As used herein, the term “fin field-effect transistor (FinFET)” refers to a MOSFET transistor built on a substrate where the gate is placed on two or three sides of the channel, forming a double- or triple-gate structure. FinFET devices have been given the generic name FinFETs because the channel region forms a “fin” on the substrate. FinFET devices have fast switching times and high current density.

As used herein, the term “gate all-around (GAA),” is used to refer to an electronic device, e.g., a transistor, in which the gate material surrounds the channel region on all sides. The channel region of a GAA transistor may include nano-wires or nano-slabs or nano-sheets, bar-shaped channels, or other suitable channel configurations known to one of skill in the art. In one or more embodiments, the channel region of a GAA device has multiple horizontal nanowires or horizontal bars vertically spaced, making the GAA transistor a stacked horizontal gate-all-around (hGAA) transistor.
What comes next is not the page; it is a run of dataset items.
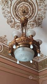 Vendo lampadario in ottone liberty, coppa centrale in vetro due luci, sei luci superiori con coppe di vetro satinato e decorato e sei luci inferiori.
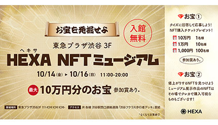 メディアエクイティの運営するNFTマーケット「HEXA(ヘキサ)」は10月14日~16日の期間、NFTの展示会「HEXA NFTミュージアム」を、東急プラザ渋谷(東京都渋谷区)3階の「111-ICHI ICHI ICHI-」にて開催する。
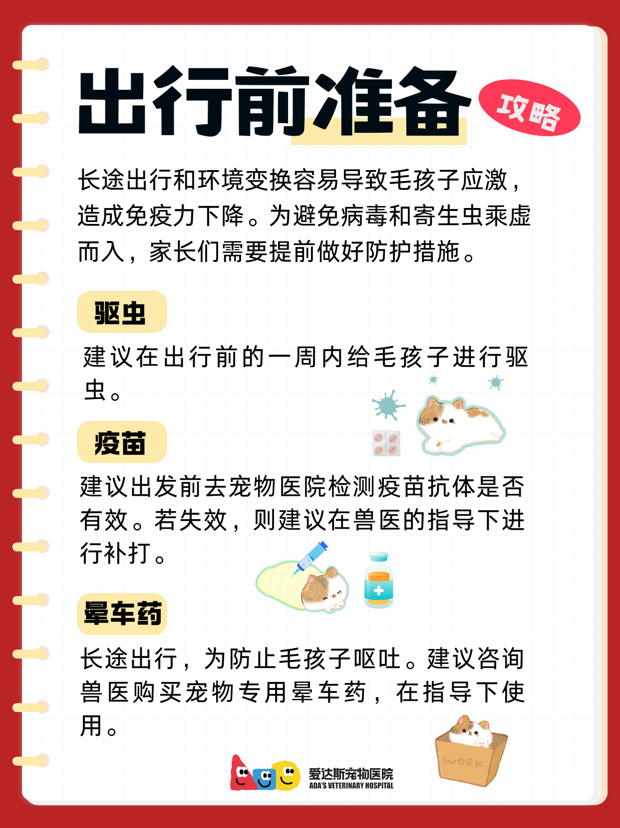 出行前: ✅提前驱虫+疫苗(看情况补打) '
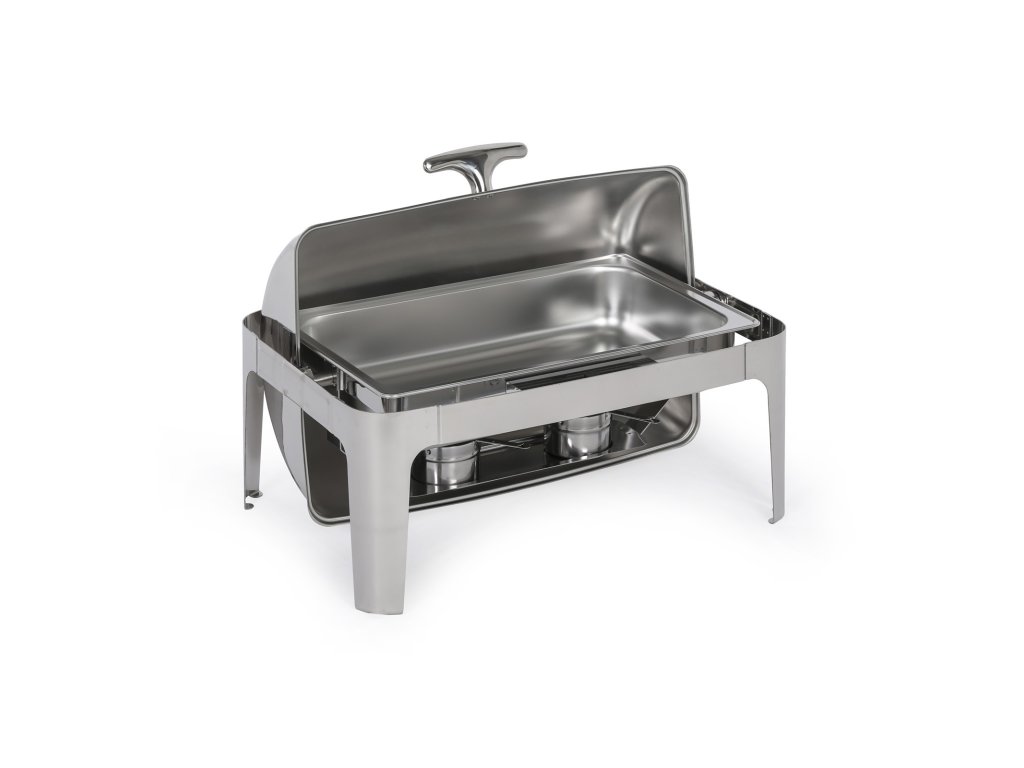 Chafing se zasouvacím roll top víkem slouží k podávání teplého jídla a udržování pokrmů při požadované teplotě. Chafing můžete využít jak při rautech uvnitř budovy, nebo třeba také pro catering na zahradní párty, oslavách a dalších událostech. Tento model je vyroben z vysoce kvalitního nerezového kovu, který zaručuje nejen dlouhou životnost, ale především reprezentativní a profesionální vzhled, ať už jídlo budete servírovat kdekoli.
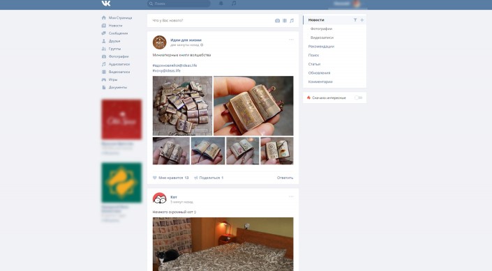 Стоит отметить, что в разделе "Новости" записи в ленте стали более отчетливыми. А раздел "Сообщения"
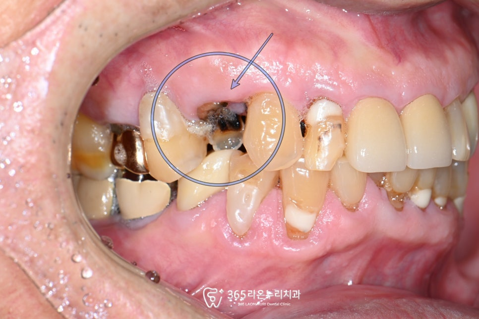 치관이 아예 부러져 치근만 남아있었는데요.
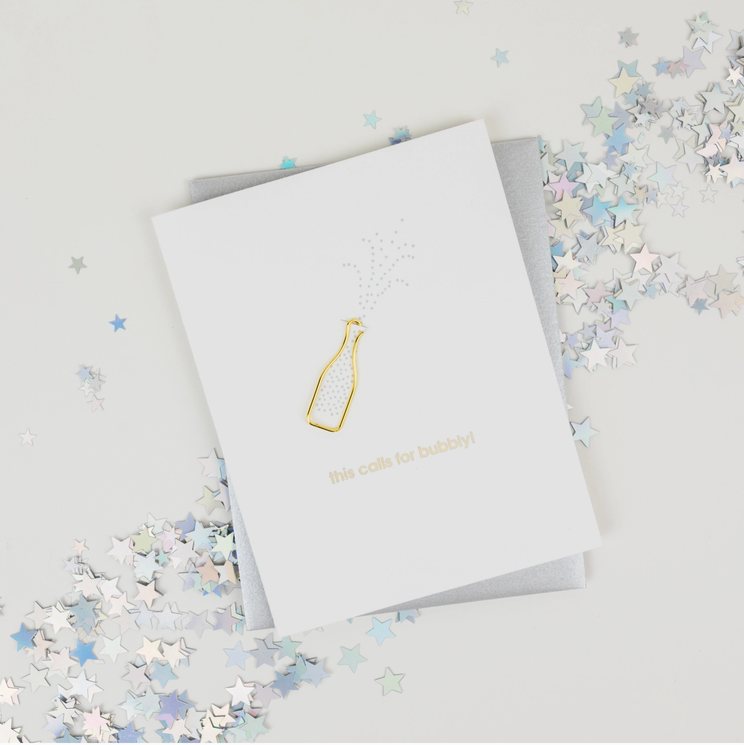 Our "This Calls for Bubbly" card is letterpress printed on a vintage printing press in sunny California. Card includes a heavy duty bottle paper clip.
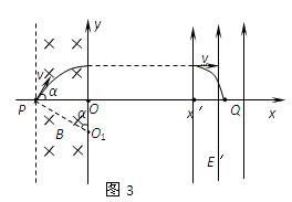 ⑶若只改变上述电场强度的大小,要求带电粒子仍能通过Q点,讨论此电场左边界的横坐标x′与电场强度的大小E′的函数关系。
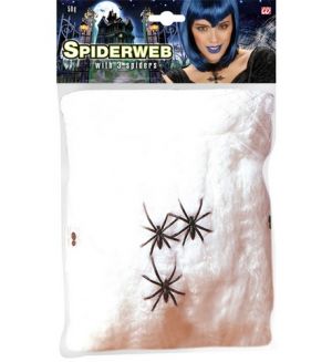 Bílá pavoučí (váha cca 50 g) síť se třemi pavoučky, dekorace vnitřní, nebo venkovní dekorace.

As used herein, the term “nanowire” refers to a nanostructure, with a diameter on the order of a nanometer (10-9 meters). Nanowires can also be defined as the ratio of the length to width being greater than 1000. Alternatively, nanowires can be defined as structures having a thickness or diameter constrained to tens of nanometers or less and an unconstrained length. Nanowires are used in transistors and some laser applications, and, in one or more embodiments, are made of semiconducting materials, metallic materials, insulating materials, superconducting materials, or molecular materials. In one or more embodiments, nanowires are used in transistors for logic CPU, GPU, MPU, and volatile (e.g., DRAM) and non-volatile (e.g., NAND) devices. As used herein, the term “nanosheet” refers to a two-dimensional nanostructure with a thickness in a scale ranging from about 0.1 nm to about 1000 nm, or from 0.5 nm to 500 nm, or from 0.5 nm to 100 nm, or from 1 nm to 500 nm, or from 1 nm to 100 nm, or from 1 nm to 50 nm.

As used herein, the term “silicon-on-insulator (SOI)” refers to the fabrication of silicon semiconductor devices in a layered silicon-insulator-silicon substrate, to reduce parasitic capacitance within the device, thereby improving performance. SOI-based devices differ from conventional silicon-built devices in that the silicon junction is above an electrical insulator, typically silicon dioxide.

As used herein, the term “fully-depleted silicon-on-insulator (FD-SOI)” transistor refers to a semiconductor device that uses an ultra-thin layer of silicon over a buried oxide to reduce leakage and variation on chips. FD-SOI also have a back-bias feature. In a FD-SOI, the channel is not doped, so the transistor is fully depleted.

In the method of one or more embodiments, gate all-around transistors are fabricated using a standard process flow. After the dummy gate removal, a fully-depleted silicon-on-insulator (FD-SOI) transistor is formed underneath the nanosheets. In one or more embodiments, a FD-SOI channel is added to the gate all around device for current flow below the gate all around transistor, reducing overall channel resistance. In one or more embodiments, the presence of the FD-SOI transistor advantageously improves the drive current and performance of the gate all around device without increasing the size/footprint of the device. In one or more embodiments, buried dielectric isolation technology is used to create an additional FD-SOI channel underneath the existing GAA transistor. In one or more embodiments, the thickness of the channel can be adjusted to control the short channel characteristics. In one or more embodiments, the channel thickness also dictates the drive current benefit that can be achieved.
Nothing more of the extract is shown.